▶ _Task details_: With the pictures removed, please write out every line below exactly as given.

▶ _Information shown_:
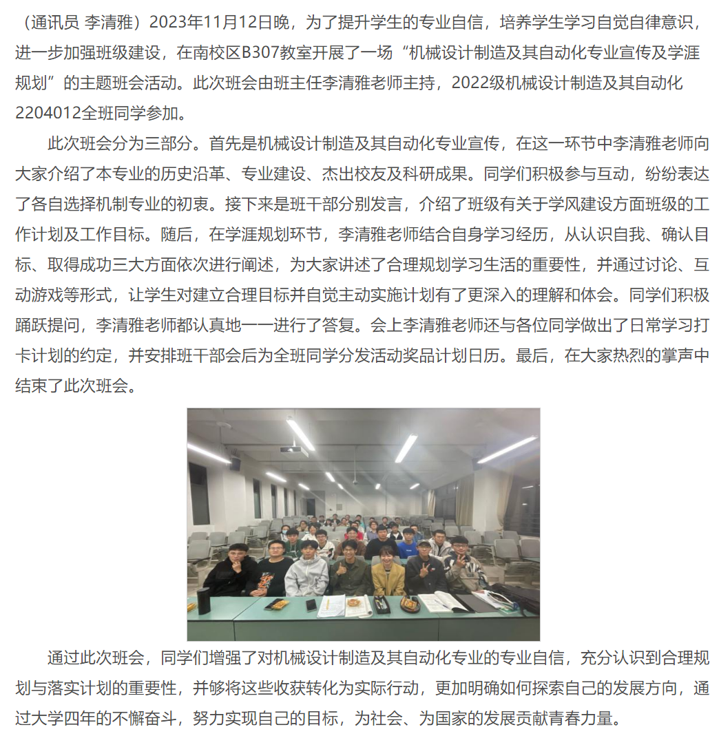“机械设计制造及其自动化专业宣传及学涯规划”主题班会活动
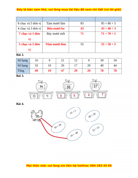 Bài 1. Điền vào bảng sau: Số gồm Đọc số Viết số Phân tích số 8 chục và 5 đơn vị Tám mươi lăm 85 85 = 80 + 5 4 chục và 3 đơn vị Bảy mươi mốt 55 Bài 2. Số? Số hạng 16 9 21 12 9 30 34
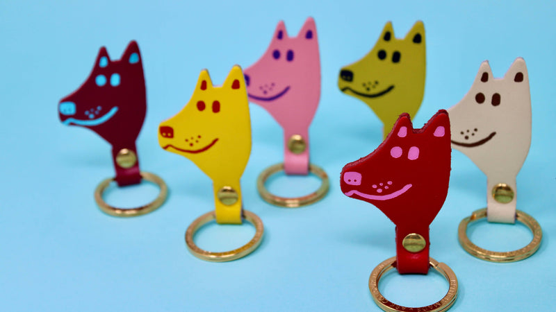 A fun little pup for your pocket. Designed to make an easy and cute gift for friends all year round. These colourful dogs look great when displayed upright on a shelf and even better when combined with the cat head key fobs. Made using the traditional technique of hot foil embossing which ensures a handmade and unique product every time. British made. Our key rings are made with fun and functionality in mind and make the perfect gift for new home owners. Embossed and assembled in Scotland. Height excluding ring 7.5cm
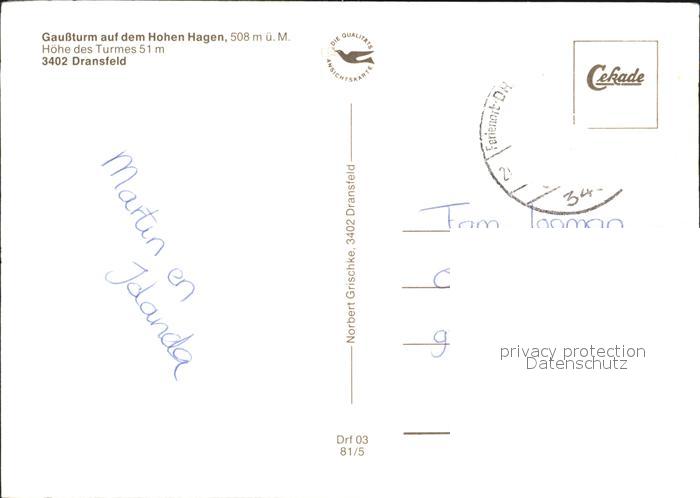 72414386 alte Postkarte Dransfeld Gaussturm auf dem Hohen Hagen Dorfpartie Teilansicht Schwimmbad postalisch gelaufen Erhaltung siehe scans KatCode: 11110003152006
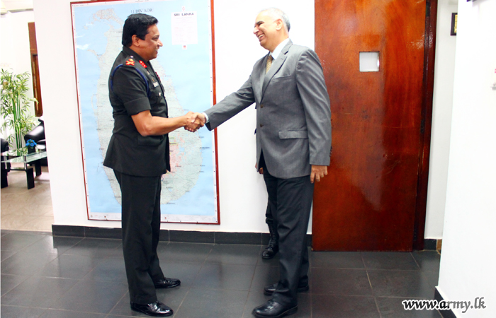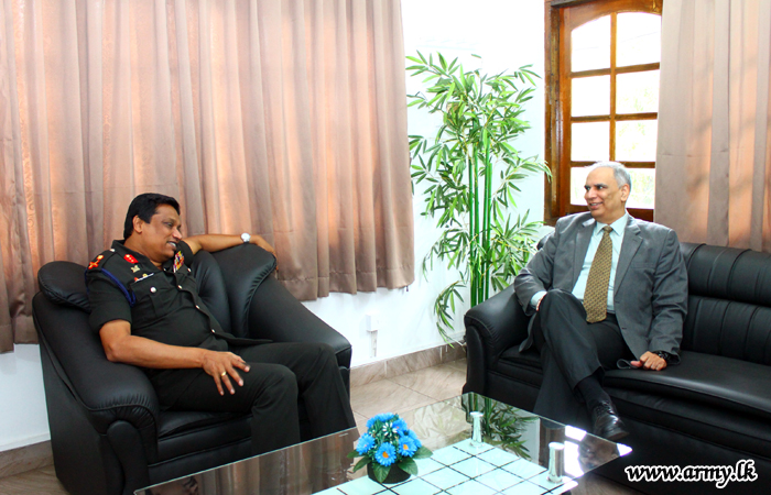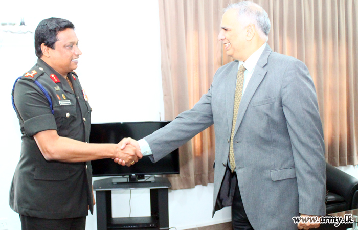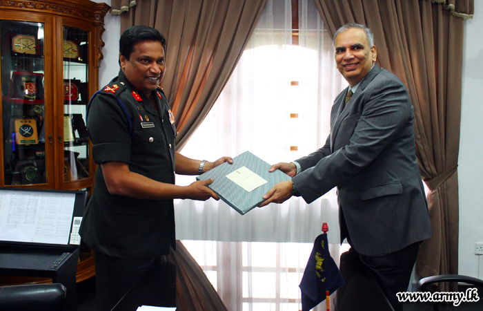 The Deputy High Commissioner of India in Sri Lanka HE Dhirendra Singh during a visit to Kandy called at the 11 Division Headquarters and shared a few thoughts with Major General Tissa Nanayakkara, General Officer Commanding, 11 Division on Thursday (13).

▶ _Result_:
“机械设计制造及其自动化专业宣传及学涯规划”主题班会活动
 Bài 1. Điền vào bảng sau: Số gồm Đọc số Viết số Phân tích số 8 chục và 5 đơn vị Tám mươi lăm 85 85 = 80 + 5 4 chục và 3 đơn vị Bảy mươi mốt 55 Bài 2. Số? Số hạng 16 9 21 12 9 30 34
 A fun little pup for your pocket. Designed to make an easy and cute gift for friends all year round. These colourful dogs look great when displayed upright on a shelf and even better when combined with the cat head key fobs. Made using the traditional technique of hot foil embossing which ensures a handmade and unique product every time. British made. Our key rings are made with fun and functionality in mind and make the perfect gift for new home owners. Embossed and assembled in Scotland. Height excluding ring 7.5cm
 72414386 alte Postkarte Dransfeld Gaussturm auf dem Hohen Hagen Dorfpartie Teilansicht Schwimmbad postalisch gelaufen Erhaltung siehe scans KatCode: 11110003152006
 The Deputy High Commissioner of India in Sri Lanka HE Dhirendra Singh during a visit to Kandy called at the 11 Division Headquarters and shared a few thoughts with Major General Tissa Nanayakkara, General Officer Commanding, 11 Division on Thursday (13).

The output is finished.